On Wednesday night, the Trump administration was faced with another controversy when The Washington Post reported that Attorney General Jeff Sessions met with the Russian ambassador to the United States twice in 2016, according to Justice Department officials. Sessions, significantly, did not disclose his contact when he was under oath during his Senate confirmation hearing. Sessions denied the report in a statement, saying that he "never met with any Russian officials to discuss issues of the campaign." However, as The Washington Post noted, the report did not accuse Session of having discussed the campaign with the Russian ambassador, but rather, not disclosing the contact when he was sworn under oath.

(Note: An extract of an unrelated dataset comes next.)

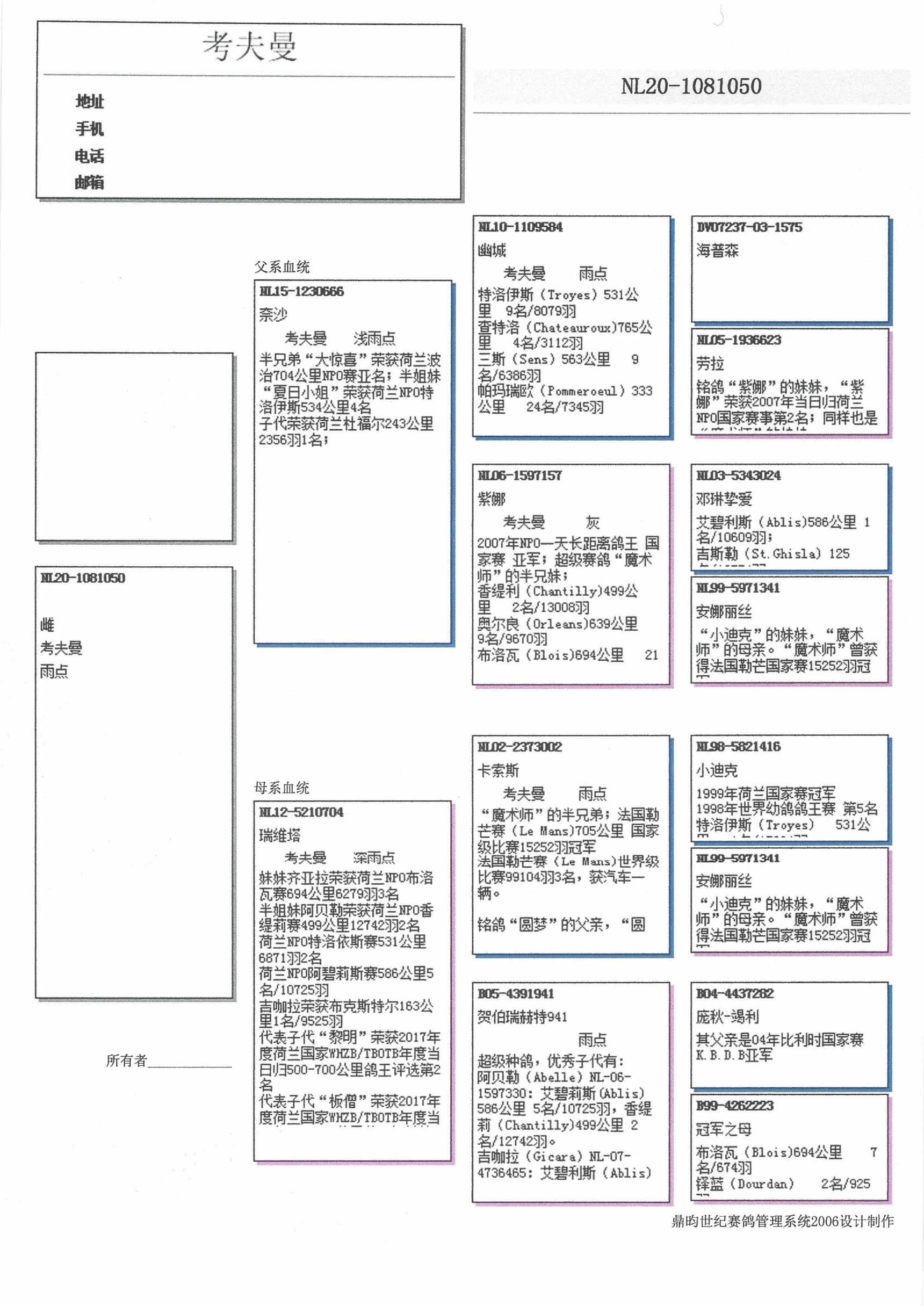 带DNA检验证书半姐妹,出自同一母亲:“本森””本森”荣获2017WHZB/TBOTB荷兰当日归国家赛第4名“李明”2017年荣获荷兰WHZB/TBOTB当日归国家赛鸽王2名1st Duffel 2,356b. 杜福尔赛2356羽冠军半姐妹,出自同一父亲
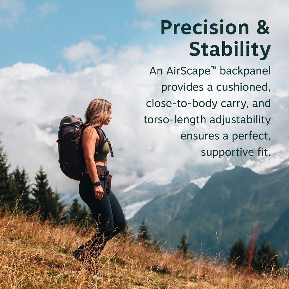 • AirScape™ 背板提供緩衝貼合的背負體驗,軀幹長度調節功能確保完美貼合且具支撐性的背負效果。

This is the latest in a series of formal reports and leaks that allege that the Trump campaign and administration may have had contact with Russia. The CIA and FBI have confirmed, for example, that Russia used hacking in an attempt to bolster Trump's candidacy; recently, National Security Advisor Michael Flynn was forced to resign in the face of accusations that he spoke with Russia about President Obama's election-related sanctions before Trump even took office.
Wednesday's report about Sessions are all the more disturbing because he would theoretically lead any Department of Justice investigation into other alleged incidents of Russian interference with the election. Many Democrats and some Republicans, including House Oversight Committee Chairman Jason Chaffetz, have called for Sessions to recuse himself.
AG Sessions should clarify his testimony and recuse himself— Jason Chaffetz (@jasoninthehouse) March 2, 2017
We need a special prosecutor totally independent of the AG. We need a real, bipartisan, transparent Congressional investigation into Russia.— Elizabeth Warren (@SenWarren) March 2, 2017
However, other Republicans are unmoved. According to The Washington Post's Chris Cillizza, most congressional Republicans "were resistant to the idea of appointing a special prosecutor to investigate the contacts between Russia and Trump campaign officials and surrogates." And while House Majority Leader Kevin McCarthy initially said of Sessions Thursday morning on MSNBC's Morning Joe, "You recuse yourself in these situations," not long after hetold Fox & Friends that "I'm not calling on him to recuse himself ... it's amazing how people spin things so quickly."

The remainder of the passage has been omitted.